When watching both weather show visualisations, disappointingly local in time and space, and looking at static pictures of global air circulation like here, I always wondered about a way to combine both and have a long-time, global view, preferably on a sphere rather in some crazy projection and with a slider to freely navigate in time… Recently I though it would be nice to learn some WebGL, and that seemed to be a cool first project. So I made this; the whole thing has some rough edges, but is certainly enough to see some well known phenomena like seasons, impact of the continent masses, jet streams, trade winds, roaring forties, even some cyclones (though hurricanes are probably too fast to survive daily averaging). You can find the whole code on Github, including data pre-processing; it should be pretty self-explanatory, though I’ll summarise the most important ideas.
The data come from NCEP/NCAR 40-year reanalysis, a project which collected tons of measurements since 1948, run a quite good, global meteo forecast model over it and published the results in a convenient form. In case you wonder why to hell anybody would want to run a forecast model to predict past events rather than do some kind of interpolation, the answer is fairly complex but boils down to the fact that essentially forecast models are just the best way of de-noising, integrating and interpolating weather measurements. Obviously the accuracy of such thing is far from stellar, moreover I’m using only a single year and a heavily down-sampled version of the whole output for convenience; yet it should be OK for the purpose.
The visualisation is showing 2 fields, one scalar, average daily temperature near the surface, and one vector, horizontal wind near the surface. Both are represented on a regular 144×73 grid within Mercator projection of the Earth; this is both bad because polar areas are overrepresented and good because it is easy to map this over sphere. Whole data is pushed to the user’s browser as a single PNG file; individual time frames are combined vertically into a strip (like a movie tape), while temperature, WE wind component and NS wind component are placed into RGB channels of the image. Since PNG supports only a 8bit resolution, each value was clipped to a pre-defined interval (-50 to 50 centigrade for temperature and -40 to 40 m/s for wind) and normalised to the 0-255 range. Thanks to PNG built-in compression the whole thing weights about 6MB, which is pretty reasonable; it is probably possible to have greater reduction by using JPEG, yet with a significant risk of some crazy artefacts.
Finally, the rendering.
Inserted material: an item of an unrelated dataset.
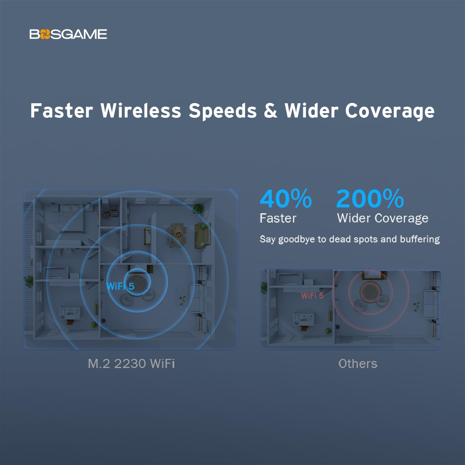 - 🌠【Experience smooth networking】The integration of a stable and fast Gigabit Ethernet(2.5G LAN) connection, alongside the built-in M.2 KEY E 2230 WiFi module(WiFi 5-802.11ac technology), makes the Bosgame B100 micro PC well-suited for reliable networking performance. The inclusion of a 2500Mbps Gigabit Ethernet port facilitating rapid downloading and uploading of large files with ease, and the Wi-Fi 5( 2.4G+5G Dual-band WiFi), users can benefit from optimal connectivity options, ensuring high-speed data transfers.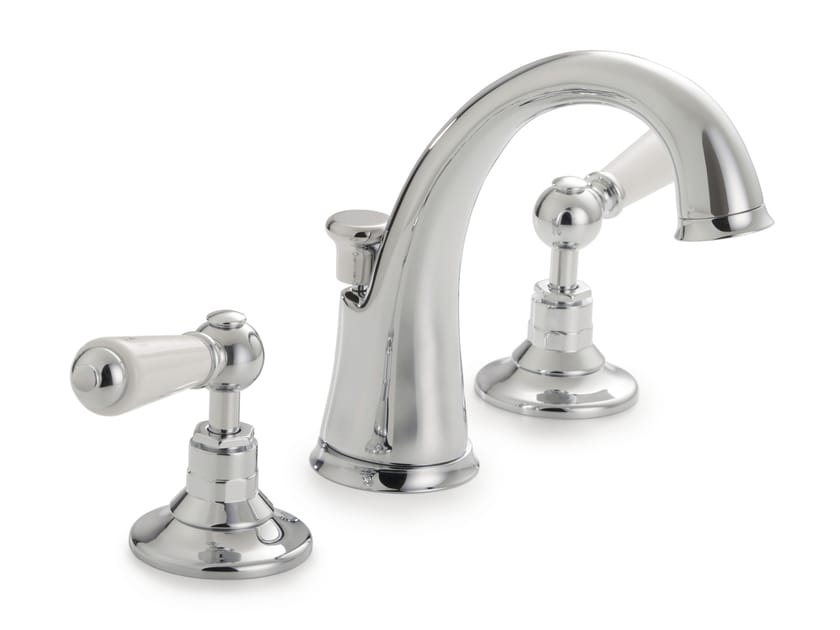 Dandy - Design sobrio e ricercato per un elegante batteria per lavabo a tre fori con saltarello e bocca di erogazione alta e leve in fine porcellana bianca. Realizzato in ottone, è disponibile in finitura cromo, nickel lucido, bronzo, oro chiaro.

I’m using three.JS to deal with WebGL; the scene is just a SphereGeometry mesh, and the heatmap, wind barbs and coastline are drawn by a custom fragment shader. I wanted to make a time interpolation, so the data goes into it as two textures, one for frame before required time, and one after, and they are averaged with a weight given as an uniform inside the shader. Obviously linear interpolation is not a perfect choice and leads to a bit electro-boogie like jumpiness of the animation, but is good enough for me. Both textures are made on invisible canvas because I additionally warp the field horizontally to make it wrap on data line rather than prime meridian, and add a copy of the first column to fix UV mapping in three.js without having to use OpenGL texture repetition which requires power-of-two texture dimensions are is problematic overall.
Heatmap is done by sampling a palette loaded as a texture with the value of the blue channel of the time-interpolated data texture. Barbs are done in a similar manner than in this arrow shader, yet tweaked to the spherical geometry; sampling grid gets sparser horizontally near the poles, and the angle/distance to the sampling grid node required to paint the barb are replaced with great circle bearing and distance formulae. For simplicity, barbs are just painted as an wind vector – pixel azimuth angle to the fourth power isoline shape rather than a proper arrow. Honestly, there are probably better ways to define the barb grid and avoid certain problems near the poles… but this is a topic for a further experimentation (;
Finally, shader mixes heatmap with barbs and adds the coastline given as a standard texture, build from the Natural Earth’s 110m coastline (first converted to SVG in QGIS, later rasterised into PNG).